Microsoft To Launch VALL-E, A Voice DALL-E

Microsoft has recently released VALL-E, a new language model for text-to-speech synthesis (TTS) that uses audio codec codes to represent intermediate representations. After being trained on 60,000 hours worth of English speech data, it demonstrated in-context learning abilities in zero-shot situations.
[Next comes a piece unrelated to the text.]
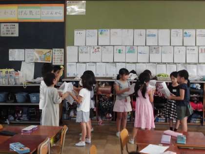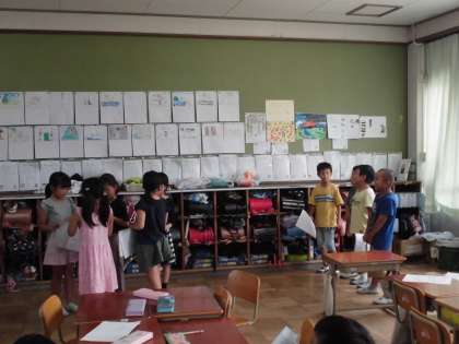 明日の町探検へ向けて,今日はリハーサルを行いました。「おはようございます」「明親小学校の2年生です。町探検で来ました」「ありがとうございました」など,本番と同じ形式でインタビューの練習をしました。

VALL-E allows you to create high-quality, personalized speech with just a 3-second recording of an oblique speaker as an acoustic prompt. It allows for prompt-based TTS techniques that are zero-shot and contextual.

There is no need to add structural engineering or pre-designed acoustic features. Microsoft used much semi-supervised information to create a generalized TTS system for the speaker dimension. This indicates that semi-supervised data has not been fully utilized in scaling up TTS.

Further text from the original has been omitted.